▸ **Data shown**:
=== Begin Enclosure ===
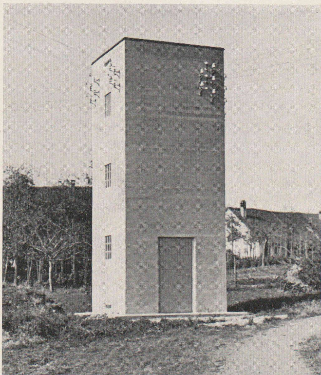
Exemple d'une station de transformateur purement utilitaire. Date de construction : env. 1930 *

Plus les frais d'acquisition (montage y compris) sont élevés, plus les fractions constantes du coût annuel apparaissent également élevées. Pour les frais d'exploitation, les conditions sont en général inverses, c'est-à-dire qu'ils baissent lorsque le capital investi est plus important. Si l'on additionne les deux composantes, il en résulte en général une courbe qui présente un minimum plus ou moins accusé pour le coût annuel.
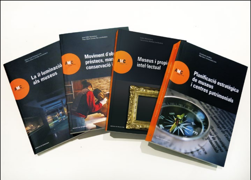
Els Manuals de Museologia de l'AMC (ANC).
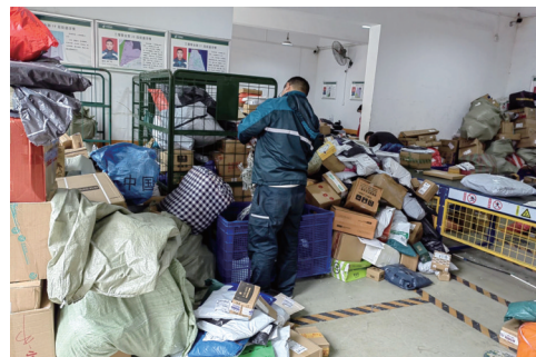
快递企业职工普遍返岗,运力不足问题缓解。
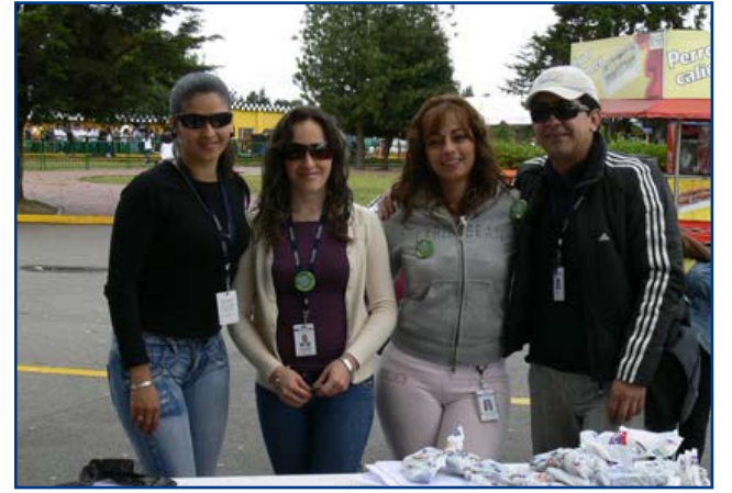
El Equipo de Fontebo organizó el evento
=== End Enclosure ===
=== Begin Enclosure ===
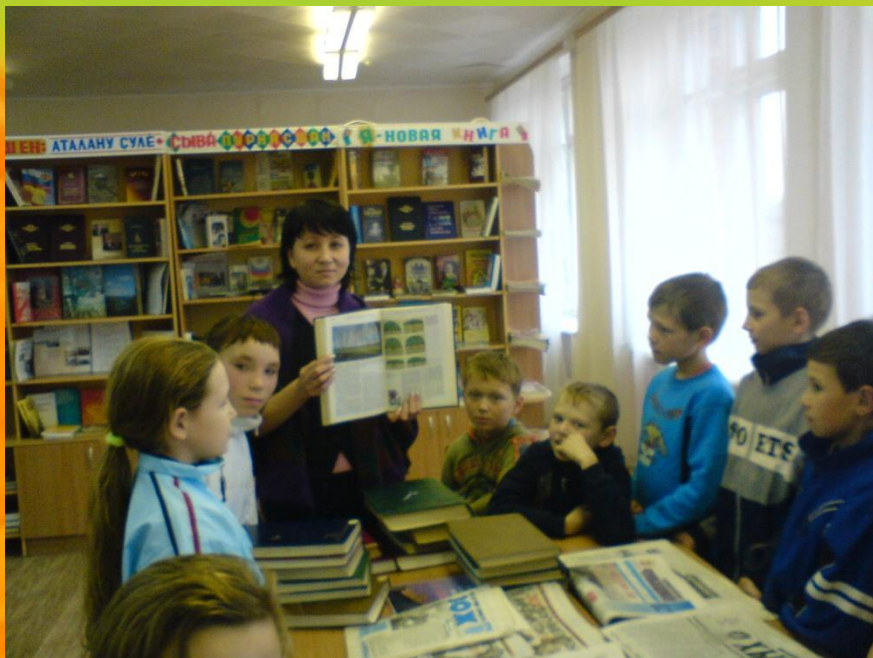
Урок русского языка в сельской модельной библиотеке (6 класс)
=== End Enclosure ===
=== Begin Enclosure ===
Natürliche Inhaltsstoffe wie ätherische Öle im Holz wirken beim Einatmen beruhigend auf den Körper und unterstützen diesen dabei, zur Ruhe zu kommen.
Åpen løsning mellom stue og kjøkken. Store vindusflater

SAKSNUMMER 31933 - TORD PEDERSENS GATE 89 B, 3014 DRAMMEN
=== End Enclosure ===
▸ **Goal of the exercise**:
From the line holding "快递企业职工普遍返岗,运力不足问题缓解。" to the line holding "El Equipo de Fontebo organizó el evento", both included, retype the entries above exactly and drop the pictures.

▸ **Solution**:
快递企业职工普遍返岗,运力不足问题缓解。
El Equipo de Fontebo organizó el evento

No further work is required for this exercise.